VectorStoreIndex: Used for retrieving specific context or information from the documents.
Name |
URL |
---|---|
Document Summary Index |
https://docs.llamaindex.ai/en/stable/examples/index_structs/doc_summary/DocSummary/ |
VectorStoreIndex |
https://docs.llamaindex.ai/en/stable/examples/vector_stores/SimpleIndexDemoLlama2/ |
Starter Tutorial (OpenAI) |
https://docs.llamaindex.ai/en/stable/getting_started/starter_example/ |
from llama_index.core import SummaryIndex, VectorStoreIndex
summary_index = SummaryIndex(nodes)
vector_index = VectorStoreIndex(nodes)
Query Engine Initialization:
Two query engines are initialized:
summary_query_engine: Configured for summarization tasks, using a tree-based summarization response mode and asynchronous processing.

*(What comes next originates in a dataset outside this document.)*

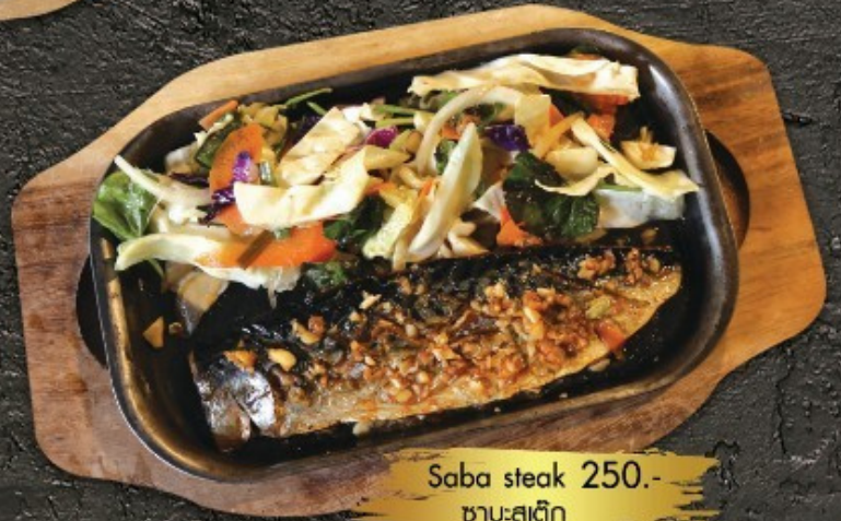
Saba steak 250.- ซาบะสเต็ก

vector_query_engine: Configured for retrieving specific contexts from the documents.
summary_query_engine = summary_index.as_query_engine(
response_mode="tree_summarize",
use_async=True,
)
vector_query_engine = vector_index.as_query_engine()
Tool Definition:
QueryEngineTool instances are created for each query engine to facilitate query processing:
summary_tool: For summarization queries.
vector_tool: For context retrieval queries.
from llama_index.core.tools import QueryEngineTool
summary_tool = QueryEngineTool.from_defaults(
query_engine=summary_query_engine,
description=(
"Useful for summarization questions related to the book"
),
)
vector_tool = QueryEngineTool.from_defaults(
query_engine=vector_query_engine,
description=(
"Useful for retrieving specific context from the book."
),
)
Router Query Engine:
A RouterQueryEngine is set up to handle queries using a selector (LLMSingleSelector) that chooses the appropriate query engine tool based on the query type.

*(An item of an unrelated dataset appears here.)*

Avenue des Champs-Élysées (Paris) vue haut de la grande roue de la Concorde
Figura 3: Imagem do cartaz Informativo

verbose=True enables detailed logging of the query processing.
from llama_index.core.query_engine.router_query_engine import RouterQueryEngine
from llama_index.core.selectors import LLMSingleSelector
query_engine = RouterQueryEngine(
selector=LLMSingleSelector.from_defaults(),
query_engine_tools=[
summary_tool,
vector_tool,
],
verbose=True
)
Query Execution:
The query_engine is used to execute a query asking for a summary of the document.
The response is printed, along with the number of source nodes (chunks of text) involved in generating the response.
response = query_engine.query("What is the summary of the document?")
print(str(response))
print(len(response.source_nodes))
In summary, this code sets up a system to load and process text data from a directory, create indices for summarization and context retrieval, and execute queries using a router query engine that selects the appropriate processing tool based on the query type.